Mais, au-delà de la singularité toute relative (car largement façonnée par les médias) de la Corée du Nord, c'est déjà un intérêt scientifique qui a motivé la volonté de Damien Jamet d'approfondir les échanges entre l'IUT de Lorraine et l'Université Kim Il-sung à Pyongyang : tout a commencé par la lecture, dans une revue internationale, d'un article relevant de sa spécialité écrit par un confrère nord-coréen, confirmant le haut niveau de la RPDC en mathématiques, et qui a donné lieu à un échange de correspondances.

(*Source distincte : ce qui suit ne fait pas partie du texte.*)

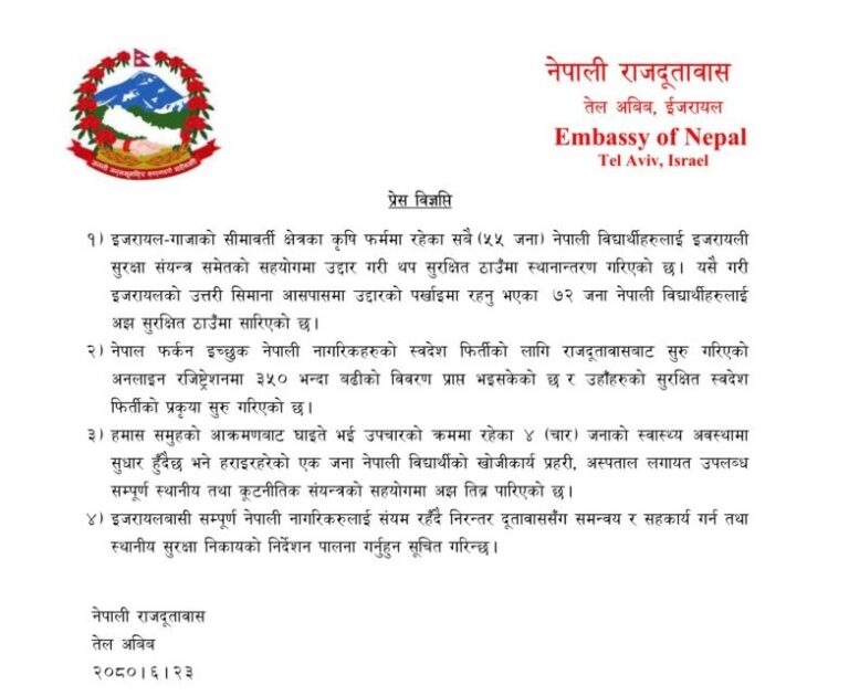 इजरायल–गाजाको सीमावर्ती क्षेत्रका कृषि फार्ममा रहेका सबै ५५ नेपाली विद्यार्थीलाई सुरक्षित ठाउँमा स्थानान्तरण गरिएको छ। इजरायलको उत्तरी सिमाना आसपासको क्षेत्रमा उद्धारको प्रतीक्षामा रहेका ७२ जनालाई पनि सुरक्षित ठाउँमा सारिएको तेलअबिबस्थित नेपाली राजदूतावासले जनाएको छ।

Comme Damien Jamet n'avait pas de connaissance préalable de la Corée du Nord, il s'est tourné vers l'AAFC qui, lors du voyage de la délégation de l'association qui s'est rendue en RPDC en août 2014, a discuté directement des modalités d'une coopération universitaire - qui n'est pas la première (ni sans doute la dernière) qu'a favorisée l'AAFC. Pour le lancement réussi de cet échange (le premier à notre connaissance, en France, avec la RPDC dans le domaine des sciences fondamentales) à maints égards prometteur, l'AAFC remercie par ailleurs M. Ri Tok-son, conseiller à la délégation générale de la RPD de Corée en France, et Mme Jong Un-a, secrétaire générale de l'Association d'amitié Corée-France au sein du Comité des relations culturelles avec les pays étrangers, qui ont été des intermédiaires efficaces.

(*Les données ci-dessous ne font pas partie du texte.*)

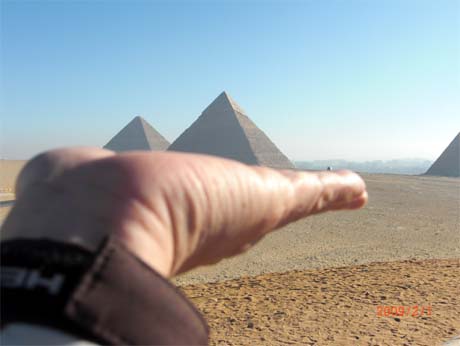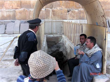 クフ王のピラミッド入場は出来ないので隣のカフラー王のピラミッドに入った。腰をかがめないと歩けない通路を行くと玄室に到達する。石棺が1個あるだけでなにもない。蒸し暑くてあまり気分がよくない。

Pendant près de deux heures, les clichés sont tombés les uns après les autres : tout d'abord, il est possible de voyager en Corée du Nord, dont la culture confucéenne a façonné un respect de l'autorité (y compris celle des enseignants) devenue largement étrangère à nos modes de pensée. Il y a chez les Nord-Coréens une appétence pour les connaissances techniques et scientifiques occidentales, afin d'accomplir un nécessaire bond en avant dans le développement et la modernisation du pays. Quand les Français moroses font grise mine, les Coréens (et pas seulement du Nord) manifestent la volonté prométhéenne d'un peuple il y a encore peu soumis au joug d'une domination étrangère, aspirant à la réunification de sa patrie, et se projetant vers l'avenir avec la ferme conviction que l'homme est et doit rester maître de son destin. Par-delà l'échange universitaire entre la Lorraine et Pyongyang, qui n'en est qu'à ses débuts, c'est de la rencontre entre deux univers de pensées et deux sociétés très différentes dont a rendu compte une conférence-débat mémorable.